The output includes:

a semantic role such as energy, power, capacity, rate, or ratio
the default aggregation datasight will prefer
forbidden aggregations such as avoiding SUM on non-additive metrics
weighted-average guidance when a valid denominator is available
a suggested SQL rollup shape

Generate a starting measures.yaml template:

datasight measures --scaffold

See Configure semantic measures for the full override workflow.

Find dimensions¶

datasight dimensions identifies likely grouping columns:

datasight dimensions
datasight dimensions --table generation_fuel

Use it to discover:

candidate grouping columns with distinct counts and sample values
suggested category breakdowns with reasons
join hints between tables

Find trends¶

datasight trends surfaces date/measure pairs for time-series analysis:

datasight trends
datasight trends --table generation_fuel

It reports:

candidate date/measure pairs
date ranges
suggested aggregations
lightweight chart recommendations

Generate prompt recipes¶

datasight recipes list builds reusable prompts from the schema and profiling output:

datasight recipes list
datasight recipes list --table generation_fuel
datasight recipes list --format markdown -o recipes.md

Each recipe includes an id.
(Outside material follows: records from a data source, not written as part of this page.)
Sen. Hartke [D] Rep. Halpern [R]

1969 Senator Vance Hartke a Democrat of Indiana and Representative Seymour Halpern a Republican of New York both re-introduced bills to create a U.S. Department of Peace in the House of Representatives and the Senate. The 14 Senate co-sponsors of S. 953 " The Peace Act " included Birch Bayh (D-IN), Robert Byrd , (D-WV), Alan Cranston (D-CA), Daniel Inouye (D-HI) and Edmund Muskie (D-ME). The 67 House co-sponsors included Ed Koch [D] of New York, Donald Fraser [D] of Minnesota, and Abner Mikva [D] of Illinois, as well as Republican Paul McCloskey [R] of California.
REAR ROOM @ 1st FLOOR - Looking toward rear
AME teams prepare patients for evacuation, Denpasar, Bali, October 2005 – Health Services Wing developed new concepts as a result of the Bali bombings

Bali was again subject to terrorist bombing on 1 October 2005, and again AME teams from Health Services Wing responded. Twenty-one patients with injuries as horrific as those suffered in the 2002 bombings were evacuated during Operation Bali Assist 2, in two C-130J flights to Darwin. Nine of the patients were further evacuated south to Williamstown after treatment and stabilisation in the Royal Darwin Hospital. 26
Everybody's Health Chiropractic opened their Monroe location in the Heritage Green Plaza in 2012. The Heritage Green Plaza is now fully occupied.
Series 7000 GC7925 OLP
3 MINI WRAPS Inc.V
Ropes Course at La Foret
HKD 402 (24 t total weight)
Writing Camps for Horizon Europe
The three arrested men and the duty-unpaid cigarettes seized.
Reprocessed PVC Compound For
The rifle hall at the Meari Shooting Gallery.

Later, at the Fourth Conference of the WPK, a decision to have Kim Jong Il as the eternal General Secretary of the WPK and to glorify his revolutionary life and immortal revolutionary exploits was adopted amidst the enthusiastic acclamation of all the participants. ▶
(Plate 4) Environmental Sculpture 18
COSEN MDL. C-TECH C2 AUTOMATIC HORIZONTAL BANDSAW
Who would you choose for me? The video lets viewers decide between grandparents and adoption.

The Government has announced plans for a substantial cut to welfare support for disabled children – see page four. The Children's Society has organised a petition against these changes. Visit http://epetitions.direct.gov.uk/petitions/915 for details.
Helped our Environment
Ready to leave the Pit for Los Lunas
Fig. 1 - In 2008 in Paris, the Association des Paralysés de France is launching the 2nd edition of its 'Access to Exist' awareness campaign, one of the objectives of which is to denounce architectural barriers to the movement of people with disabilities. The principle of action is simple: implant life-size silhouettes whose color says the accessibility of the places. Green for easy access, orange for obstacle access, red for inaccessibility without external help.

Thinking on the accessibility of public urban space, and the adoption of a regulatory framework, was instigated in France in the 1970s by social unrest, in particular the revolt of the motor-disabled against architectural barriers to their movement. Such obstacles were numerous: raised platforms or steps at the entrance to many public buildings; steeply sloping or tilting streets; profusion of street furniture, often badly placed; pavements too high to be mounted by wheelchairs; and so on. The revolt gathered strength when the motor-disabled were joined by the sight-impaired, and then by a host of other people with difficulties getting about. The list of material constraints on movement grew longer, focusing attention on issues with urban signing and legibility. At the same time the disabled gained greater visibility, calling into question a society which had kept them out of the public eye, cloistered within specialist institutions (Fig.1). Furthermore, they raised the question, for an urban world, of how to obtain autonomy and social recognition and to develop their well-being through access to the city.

Execute one directly through the AI:

datasight recipes run 1
datasight recipes run 2 --format json

Check referential integrity¶

datasight integrity looks across tables for primary-key and foreign-key issues:

datasight integrity
datasight integrity --table generation_fuel
datasight integrity --format markdown -o integrity.md

It reports:

Primary keys — columns named id or {table}_id whose values are 100% distinct, so they can be safely used as PKs
Duplicate keys — inferred PKs that actually have duplicates
Orphan foreign keys — columns ending in _id whose values don't exist in the referenced parent table
Join explosion risks — FK relationships where joining multiplies the row count (a one-to-many where you expected one-to-one)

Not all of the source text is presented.